11 февраля в Зеркальном фойе московского театра «Новая опера» состоялся очередной камерный вечер артистов театра, посвящённый 200-летию выдающегося русского композитора, создателя оригинального творческого направления, характеризующегося неразрывной связью глубоко русской музыки и русского слова, легендарного мастера вокально-психологической зарисовки Александра Сергеевича Даргомыжского.

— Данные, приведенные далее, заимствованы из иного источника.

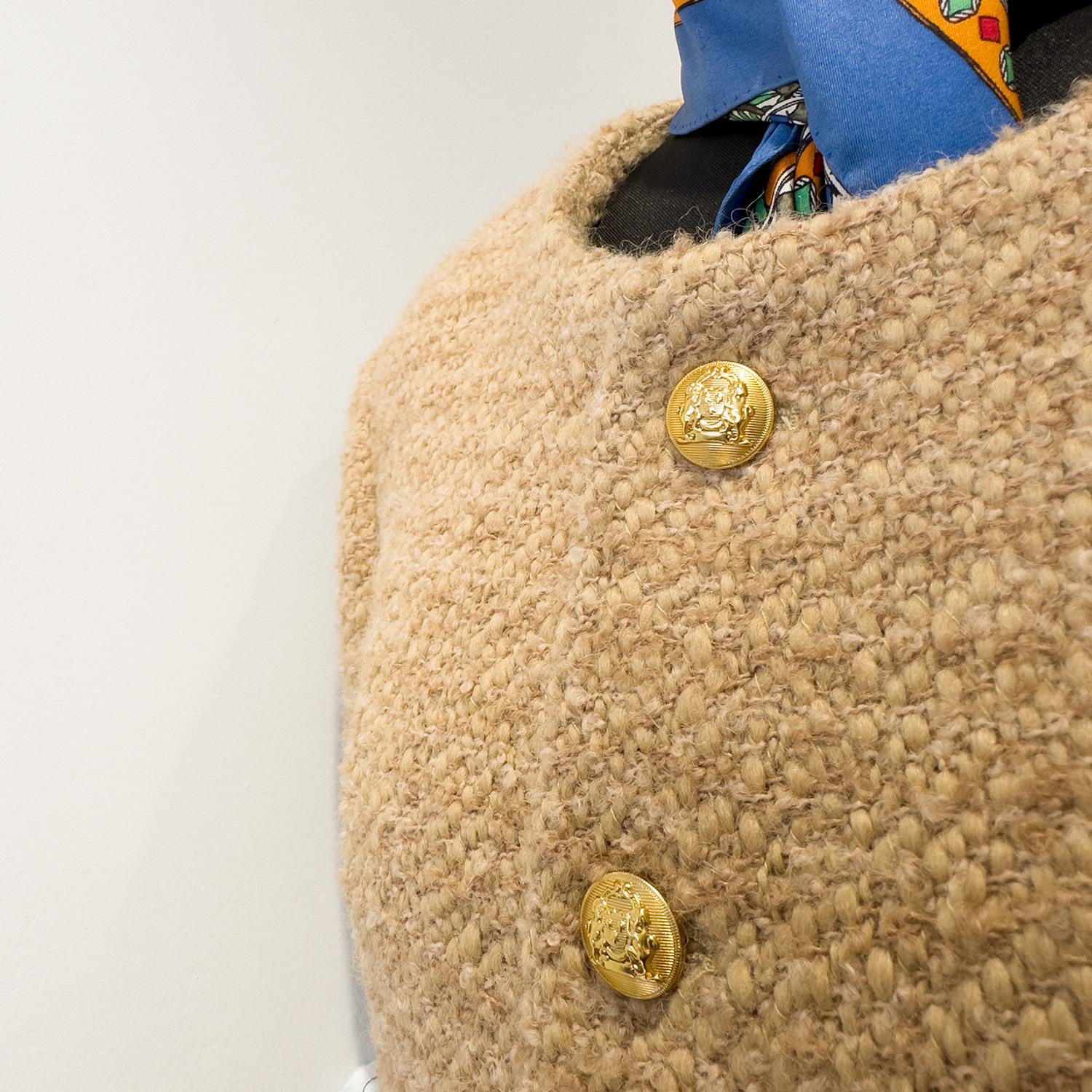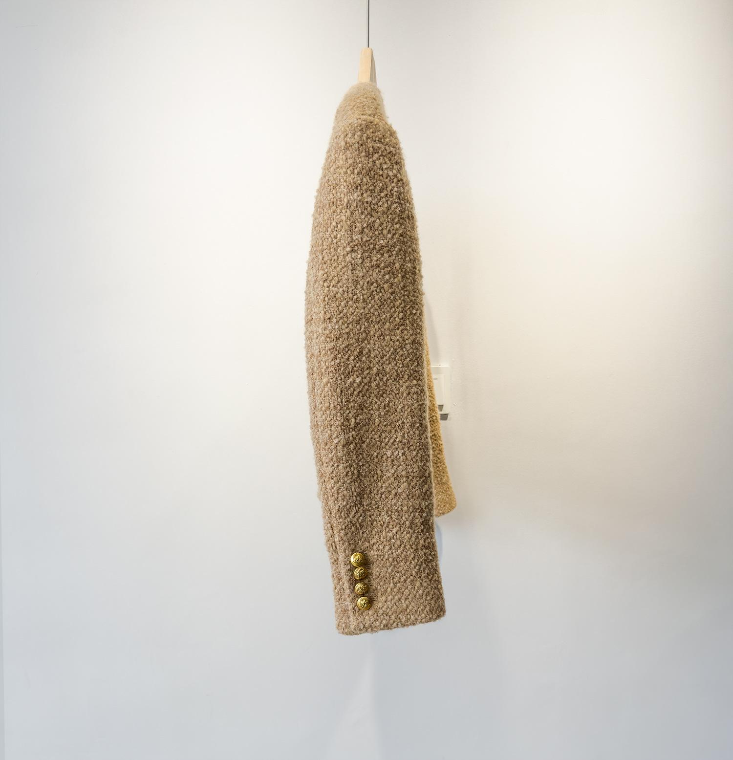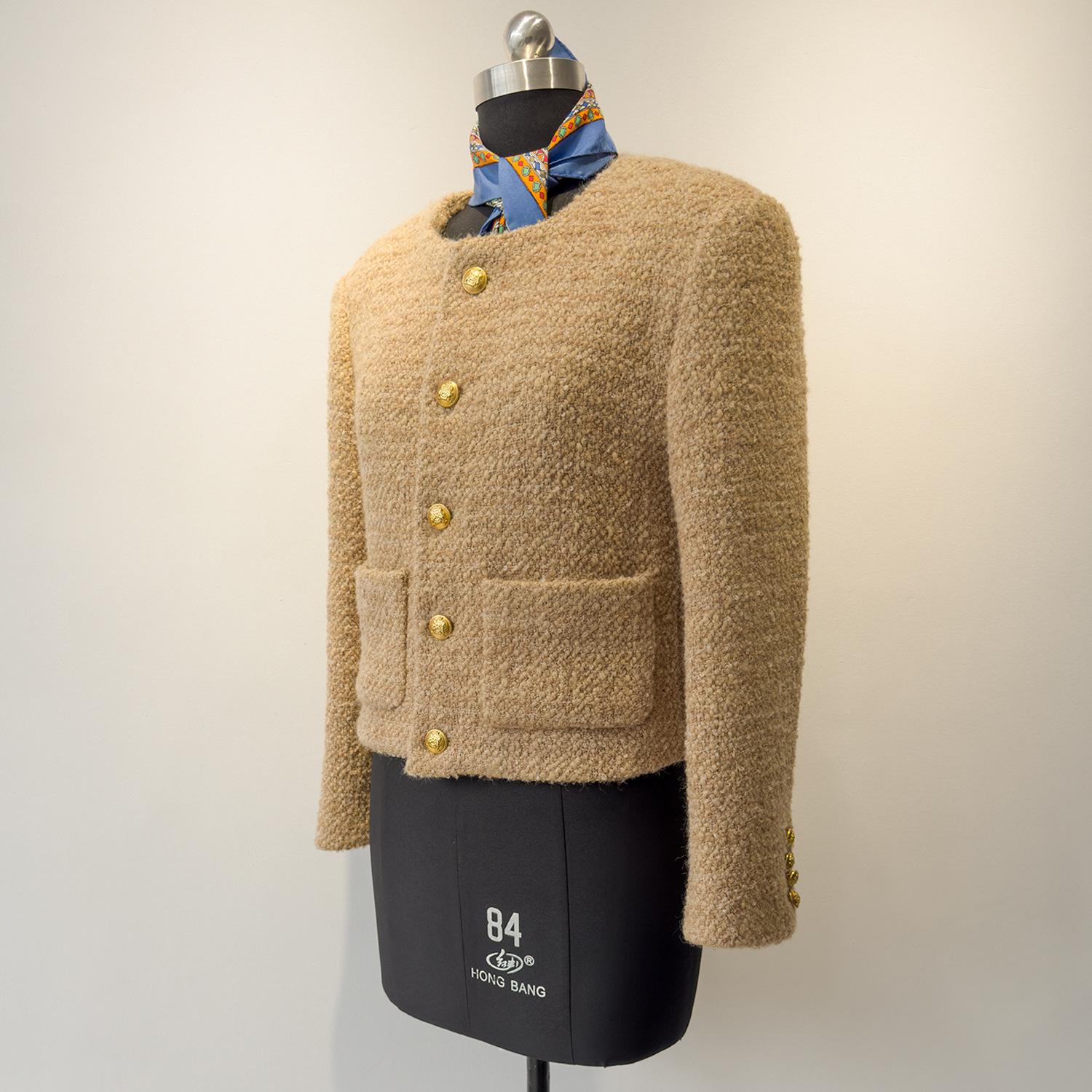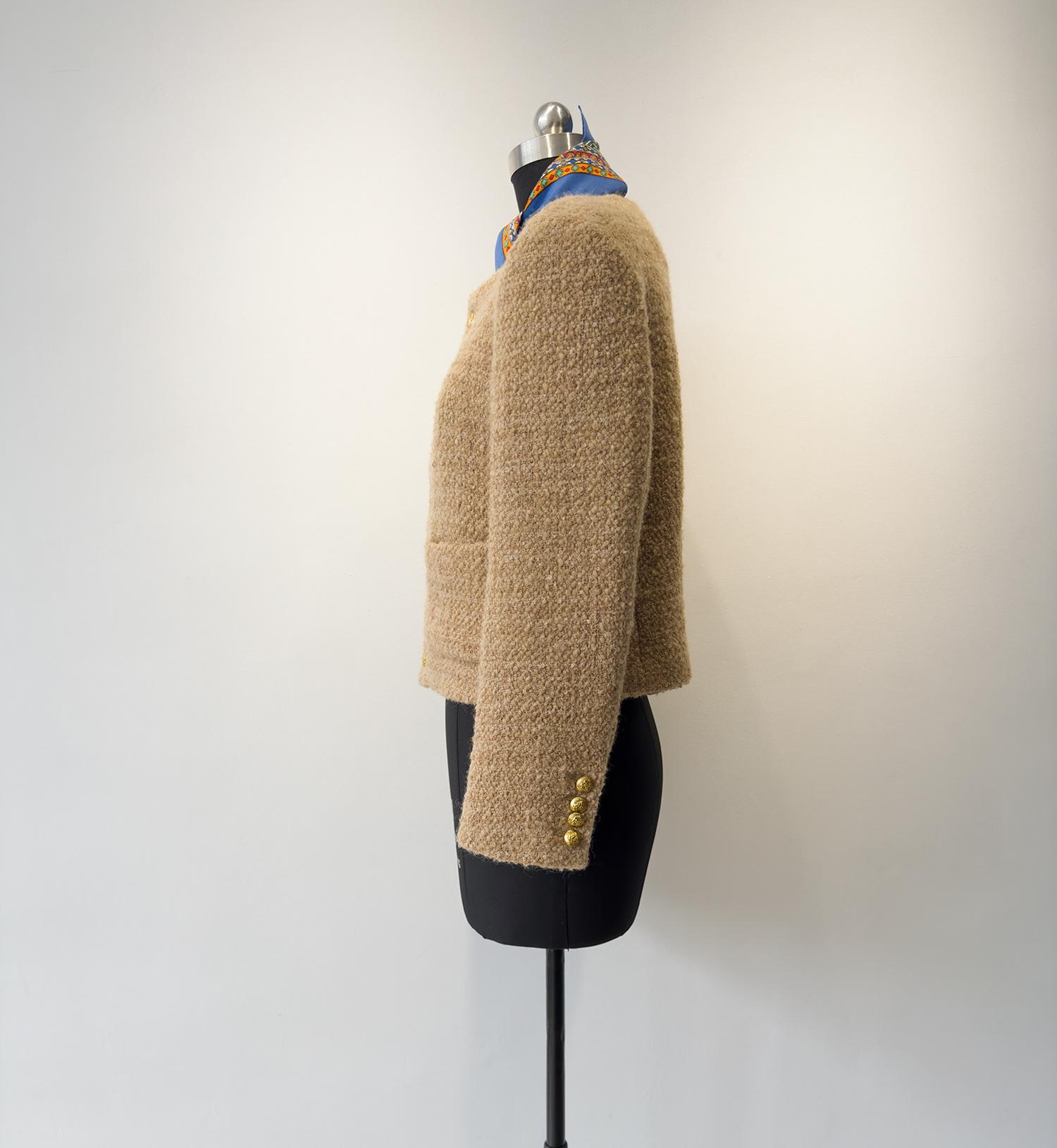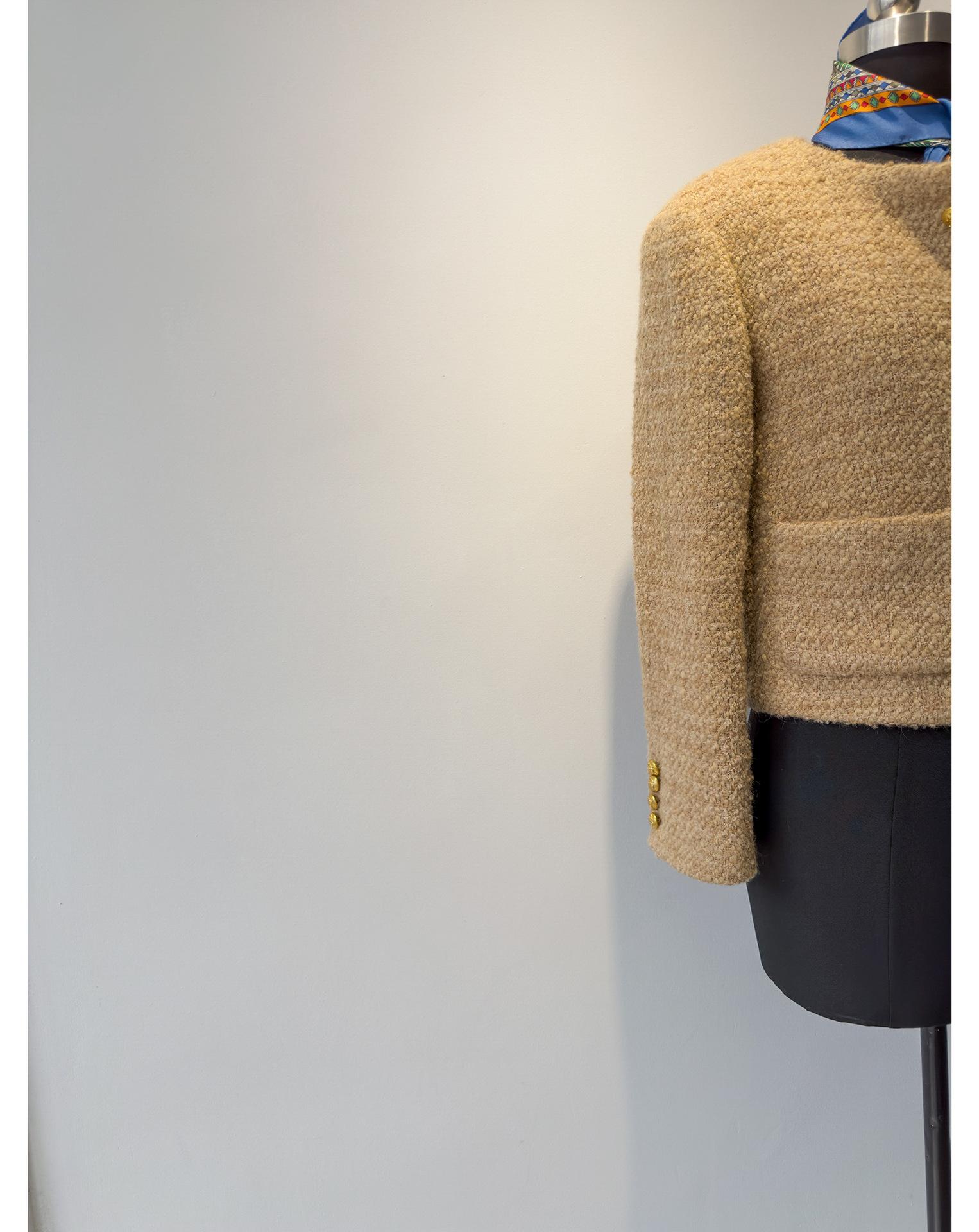 Chaqueta de Tweed de Lana Estilo Francés de Otoño Temprano de Cuello Redondo Corto Estilo Holgado Simple de Un Botón para Mujer

Второе отделение концерта было посвящено также памяти Ирины Константиновны Архиповой, которую в наши дни, окидывая мысленным взором историю русской вокальной школы и биографии самых ярких её представителей, можно не обинуясь называть великой русской певицей.


В первом отделении солисты «Новой оперы» преподнесли публике романсы и фрагменты из опер А. С. Даргомыжского в сопровождении фортепиано. Концерт, как и в прошлый раз (можно уже сказать «по традиции»), открыл Алексей Татаринцев, исполнивший несколько вокальных миниатюр Даргомыжского («He спрашивай, зачем», сл. А. Пушкина; «О, милая дева!», сл. А. Мицкевича; «Как мила ее головка», сл. В. Туманского), продолжила его Марина Ефанова («В разлуке», сл. В. Курочкина; «На раздолье небес», сл. Н. Щербины; «Лихорадушка», сл. народные; «Как пришел муж из-под горок...», сл. А. Даргомыжского), после чего вышли Алексей Татаринцев и его супруга Агунда Кулаева, исполнившие чудесный дуэт «Ванька-Танька» в переложении Даргомыжского на народные слова.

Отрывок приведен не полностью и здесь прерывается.